A tecnologia ICSI é utilizada principalmente em doentes com baixa contagem de espermatozóides grave, baixa motilidade dos espermatozóides, espermatozóides anormais, azoospermia obstrutiva irreversível (por exemplo, vasectomia falhada, ausência congénita dos canais deferentes, bloqueio dos canais deferentes devido a uma infeção como a tuberculose, etc.), perturbações dos espermatozóides (exceto por razões genéticas), função anormal do acrossoma dos espermatozóides, insucesso da FIV convencional, infertilidade imunitária, etc.

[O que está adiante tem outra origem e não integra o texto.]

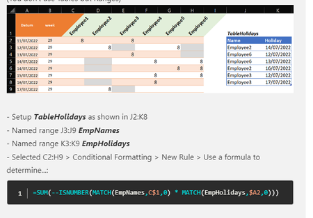 Sub HighlightHolidays() Dim hol As Variant Dim emp As String Dim dtm As Date Dim i As Long Dim r As Long Dim c As Long Application.ScreenUpdating = False hol = Range("TableHolidays").Value For i = 1 To UBound(hol) dtm = hol(i, 2) r = Range("A:A").Find(What:=dtm, LookAt:=xlWhole).Row emp = hol(i, 1) c = Range("1:1").Find(What:=emp, LookAt:=xlWhole).Column Cells(r, c).Interior.Color = RGB(217, 217, 217) Next i Application.ScreenUpdating = True End Sub- Celia9Oct 18, 2022Brass Contributor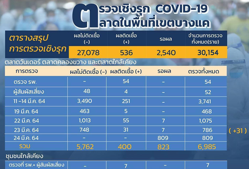 ตรวจเชิงรุกคลัสเตอร์ตลาดบางแค แล้ว 30,154 ราย พบติดเชื้อโควิดเพิ่ม 56 ราย รวมสะสม 536 ราย รอผลอีก 2,540 ราย

Insucesso da fertilização in vitro, infertilidade imunitária, etc. 1. oligospermia grave, hipospermia e teratospermia 2. azoospermia obstrutiva irreversível 3. disfunção espermatogénica (excluindo defeitos genéticos) 4. infertilidade imunitária 5. insucesso da fertilização in vitro 6. anomalia do acrossoma dos espermatozóides 7. factores de sucesso para os testes genéticos embrionários pré-implantação 1. 2. estado do oócito. 3. Ativação do oócito. Defeitos de segunda geração A técnica de injeção intracitoplasmática de espermatozóides pode ser utilizada para homens com baixa contagem de espermatozóides, espermatozóides fracos, malformação de espermatozóides, azoospermia e insucesso dos ciclos convencionais de fertilização in vitro, ultrapassando a falta de contagem de espermatozóides ou mesmo obtendo espermatozóides diretamente do epidídimo e dos testículos para tratar a infertilidade. Esta técnica injecta um único espermatozoide diretamente no óvulo, o que acarreta um risco genético elevado, uma vez que desafia as leis biológicas da fertilização natural. O artigo faz uma revisão dos defeitos genéticos e epigenéticos dos espermatozóides da ICSI e das doenças a eles associadas, o que permite compreender melhor os mecanismos moleculares através dos quais os defeitos genéticos e epigenéticos dos espermatozóides da ICSI conduzem a um risco genético acrescido na descendência. O artigo ilustra que os espermatozóides da ICSI necessitam de um controlo de qualidade rigoroso através de factores epigenéticos, como a metilação do ADN e a acetilação das histonas, para reduzir eficazmente os defeitos genéticos e epigenéticos da ICSI. O artigo ilustra a necessidade de um controlo de qualidade rigoroso dos espermatozóides ICSI através da metilação do ADN, da acetilação das histonas e de outros factores epigenéticos para reduzir eficazmente o risco de defeitos genéticos e epigenéticos ICSI.